The Adamic Administration

Some have argued that John Murray did not reject the covenant of works. They insist that all the elements of the Covenant of Works are present in his view, he just chose not to use that language. This argument has plausibility with regards to Murray’s rejection of the term “covenant.” All one has to do is point out that he defined covenant wrong. He still held to all the elements of a covenant with Adam when covenant is properly defined.

However, most tend to overlook the much more important reason Murray had for rejecting the Covenant of Works. Murray explicitly argued that the reward of eternal life would not have been by works. It would have been a gift of God’s grace, not a reward of debt according to justice. What Murray was rejecting was the concept of ex pacto or covenantal merit, known as “the works principle.” Thus, while one could argue he held to an Adamic Covenant (by rejecting Murray’s definition of covenant), he did not hold to an Adamic Covenant of Works.

Part of his argument is that there is no works principle found anywhere in Scripture – pre or post-fall. “In connection with the promise of life it does not appear justifiable to appeal, as frequently has been done, to the principle enunciated in certain texts (cf. Lev. 18:5; Rom. 10:5; Gal. 3:12), ‘This do and thou shalt live’.”

In a paper on confessional subscription, J.V. Fesko says

Murray did not accept the Standards’ teaching regarding the Covenant of Works… Murray did not believe that he held to the common Reformed position that was historically advocated by Reformed theologians or by the Westminster Standards. In fact, he saw himself as a self-avowed revisionist on the subject of covenant theology…
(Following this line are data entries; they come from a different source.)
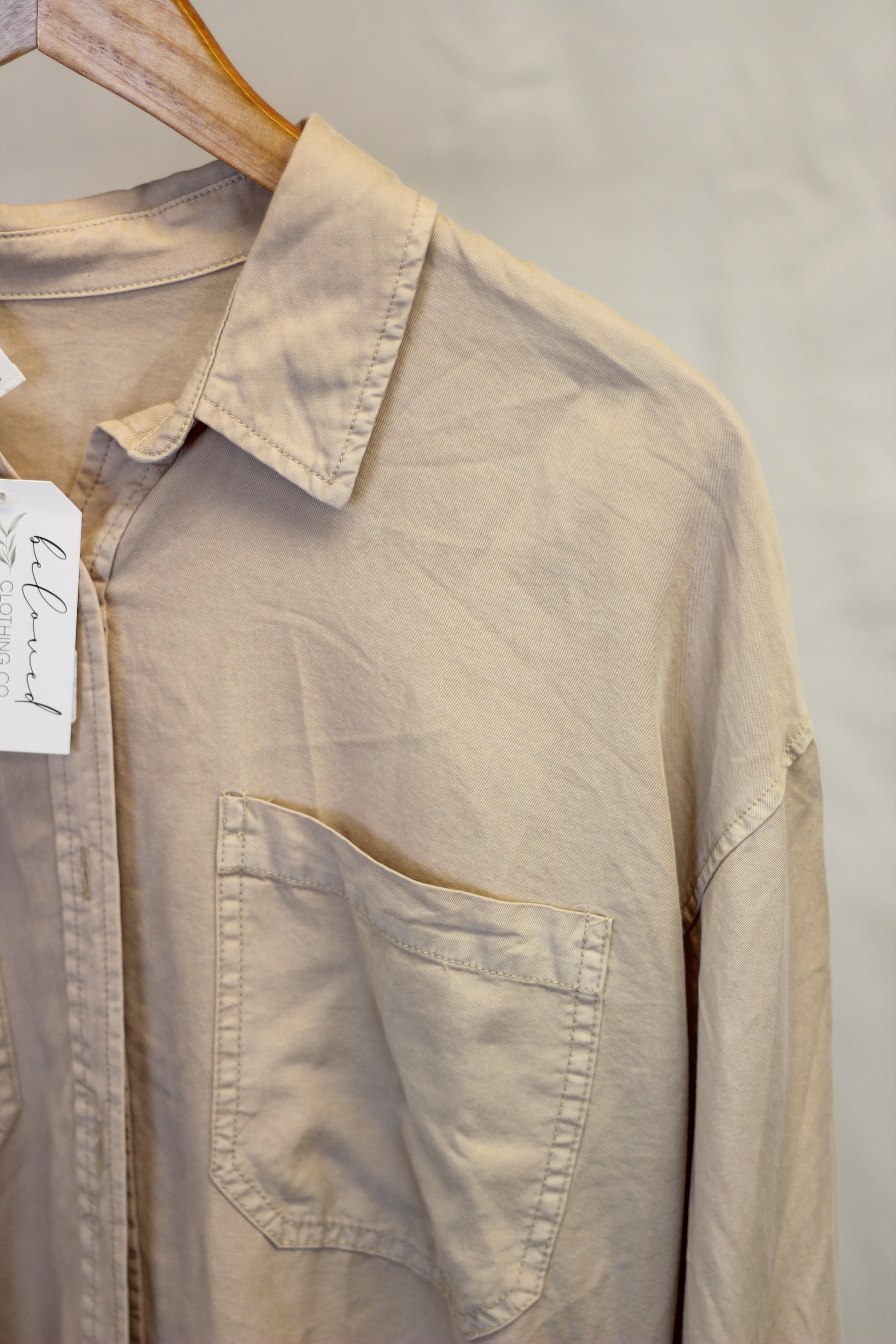 The Soft Wash Tencel Oversized Shirt is the ultimate combination of comfort and style. Made with soft-washed Tencel, this shirt is incredibly soft to the touch and drapes beautifully on the body. The oversized fit and roll cuffs add a casual touch, while the button down closure and chest pockets provide practicality. Hits below the hip for a flattering silhouette. Crafted from 100% Tencel, this shirt is not only stylish but also sustainable.
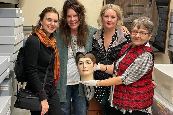 Visitors from Chicago Dramatists Klaudia Siczek, Carson Becker, and Ruth Margraff looking at the PMA Helena Modjeska collection with Basia Kożuchowska. They are interested in a potential theatrical collaboration based on the Polish-American Shakespearean actress.
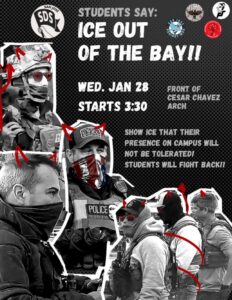 DOWN WITH ICE!  Join us this coming Wednesday 3:30 PM in front of Cesar Chavez Arch.  As ICE murders people in cold blood, abducts our neighbors and threatens to escalate its presence at the Super Bowl here in the bay, we as students must take a stand

What led Murray to reject the Covenant of Works?

Many focus on the rise of dispensationalism and Murray’s response to it as an explanation for his rejection of the Covenant of Works. In other words, he just over-reacted to dispensationalism by flattening out all of Scripture.
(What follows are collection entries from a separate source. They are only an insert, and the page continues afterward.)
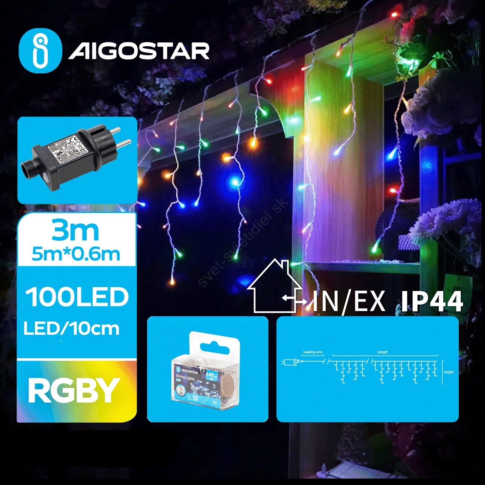 Aigostar - Vonkajší LED vianočný reťaz 100xLED/8 funkcií 8x0,6m IP44 viacfarebný
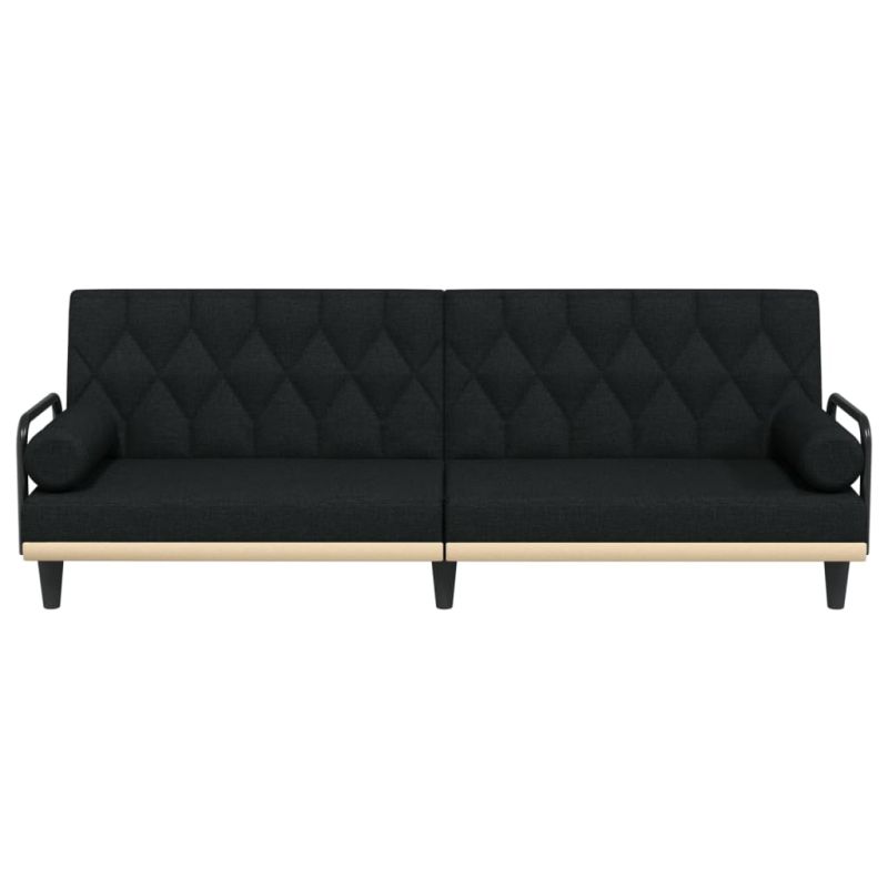 Разтегателен диван с подлакътници, черен, плат
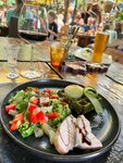 Пожалуй одно из самых необычных кафе, посещенных мной. Во-первых, крутой дизайн (качели), ратсения, водопады. Круто обыграно меню на планшетах, просто и удобно. В-третьих, большие порции. В-четвёртых, очень и очень вкусно (особенно свиная рулька запеченная и сыры жареные). Всем советую посетить, но советую сначала забронить столик
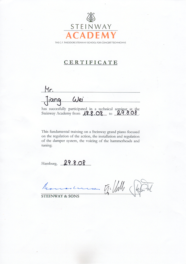 家調(diào)音,獲得廣泛的贊譽,曾連續(xù)3屆擔任中國國際鋼琴比賽的專家技師。現(xiàn)任廈門音樂家協(xié)會鋼琴調(diào)律

However, Murray actually said he was influenced by Karl Barth on this point. Ligon Duncan explains:

Now, here is the inside scoop. As Donald Macleod talked with John Murray when he came back from Scotland, there were a number of things that had made a major impact on Murray with regard to Covenant Theology. For one thing, Murray was impacted by Vos and by a guy named Adolph Desmond. Desmond was a big time German New Testament scholar at the turn of the twentieth century who had argued very strongly that Covenant should not be translated as a contract or a treaty or a mutual relationship, but it ought to be translated as a disposition or a testament, something that was one-sided as opposed to two-sided. And Desmond did this because he had uncovered all this literature from Greek legal documents contemporary to the New Testament and many New Testament scholars followed Desmond for a period of time. His views have since then been overturned, but he was very influential in the first part of the twentieth century. And so Murray was very influenced by this one-sided idea of covenant. And he found the obediential aspect of the historic Covenant of Works to be a little two-sided for his taste. So, you will see him, when he defines covenant in his little tract called The Covenant of Grace, he will define it in a very one-sided, a very monopluric sort of way. And he is following Vos there and he is following Desmond.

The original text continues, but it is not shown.